Stored items:
* * * * * * * * *

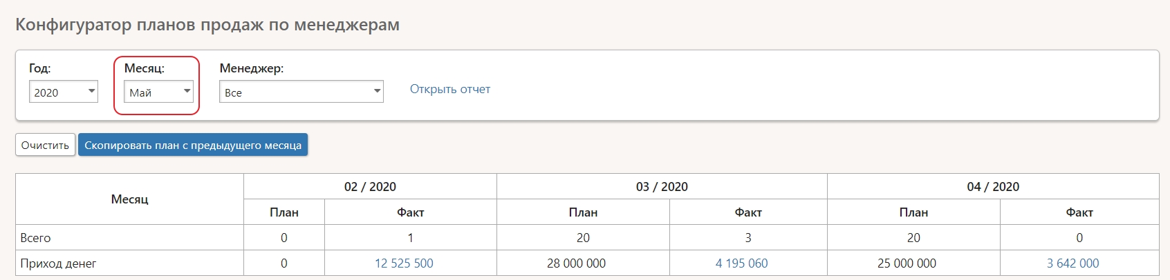 Для установки плана на следующий месяц достаточно выбрать в поле фильтров нужный месяц.
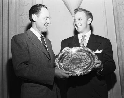 William S. Dameron Junior of Hereford, right, is shown receiving a silver tray from Ted Alexander of Canadian, vice president of the Texas Hereford Association, for obtaining the most new members for the association last year.
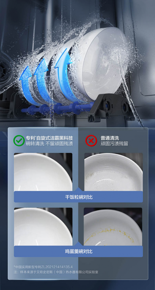 与传统的洗碗机相比,A.O.史密斯自旋式洁霸洗碗机除了在常规的“洗、烘、消、存”等方面的表现均相当突出之外,由于搭载了专利的自旋式洁霸黑科技,三层喷淋系统密布着34个强劲喷射的喷孔,能真正做到360°冲刷无死角。在清洗过程中,它可以将“自旋专区”的碗进行多次自动旋转,直至每个角落都直面强劲水流,连令人头疼的干饭粒、鸡蛋羹也能轻松一次洗净,彻底清除餐后污渍残留。
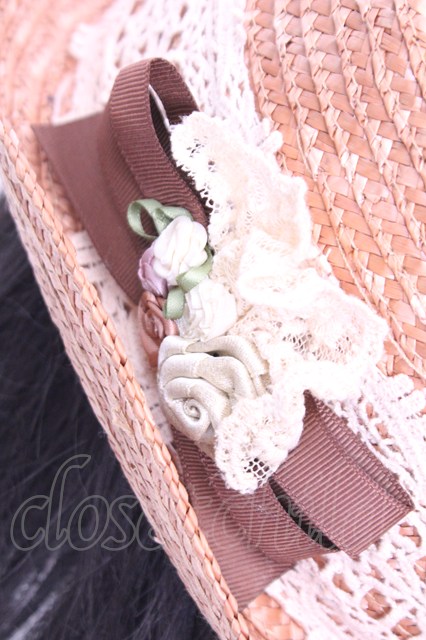 axes femme / 巻きバラ付き雑材ポークパイ帽 ナチュラル O-26-01-16-1014-AX-AC-OW-OS [戻る]
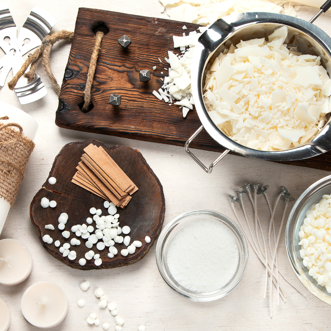 includes: each kit comes with pre measured wax, a wick and holder, fragrance oil, a color option, a vessel in your chosen color, a pouring cup, a stirring stick, and step by step instructions.
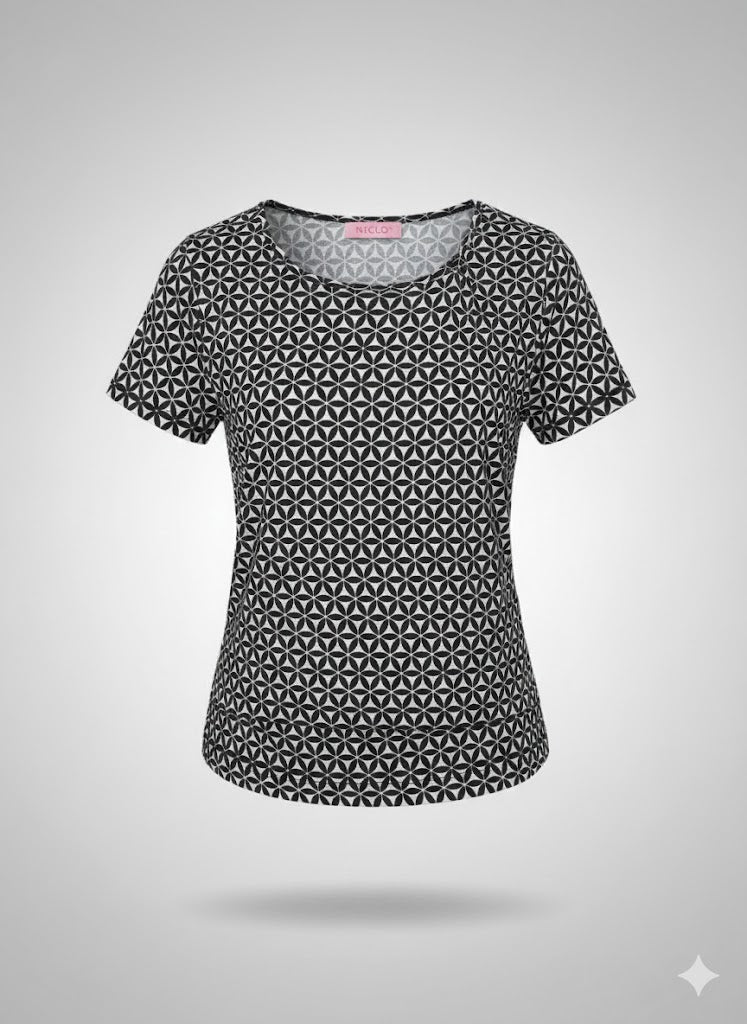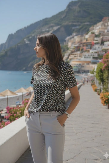 T-shirt slim fit bimaterica che combina eleganza e comfort. Il fronte in raso di viscosa offre una finitura sofisticata con stampa triangoli geometrica, mentre il retro in jersey di viscosa garantisce morbidezza e traspirabilità. Girocollo classico per un look versatile e raffinato, perfetto per styling casual e più ricercati.

* * * * * * * * *

- WORK TO BE COMPLETED
Output the lines above in full and exactly as given, omitting any pictures.

- WRITTEN SOLUTION
 Для установки плана на следующий месяц достаточно выбрать в поле фильтров нужный месяц.
 William S. Dameron Junior of Hereford, right, is shown receiving a silver tray from Ted Alexander of Canadian, vice president of the Texas Hereford Association, for obtaining the most new members for the association last year.
 与传统的洗碗机相比,A.O.史密斯自旋式洁霸洗碗机除了在常规的“洗、烘、消、存”等方面的表现均相当突出之外,由于搭载了专利的自旋式洁霸黑科技,三层喷淋系统密布着34个强劲喷射的喷孔,能真正做到360°冲刷无死角。在清洗过程中,它可以将“自旋专区”的碗进行多次自动旋转,直至每个角落都直面强劲水流,连令人头疼的干饭粒、鸡蛋羹也能轻松一次洗净,彻底清除餐后污渍残留。
 axes femme / 巻きバラ付き雑材ポークパイ帽 ナチュラル O-26-01-16-1014-AX-AC-OW-OS [戻る]
 includes: each kit comes with pre measured wax, a wick and holder, fragrance oil, a color option, a vessel in your chosen color, a pouring cup, a stirring stick, and step by step instructions.
 T-shirt slim fit bimaterica che combina eleganza e comfort. Il fronte in raso di viscosa offre una finitura sofisticata con stampa triangoli geometrica, mentre il retro in jersey di viscosa garantisce morbidezza e traspirabilità. Girocollo classico per un look versatile e raffinato, perfetto per styling casual e più ricercati.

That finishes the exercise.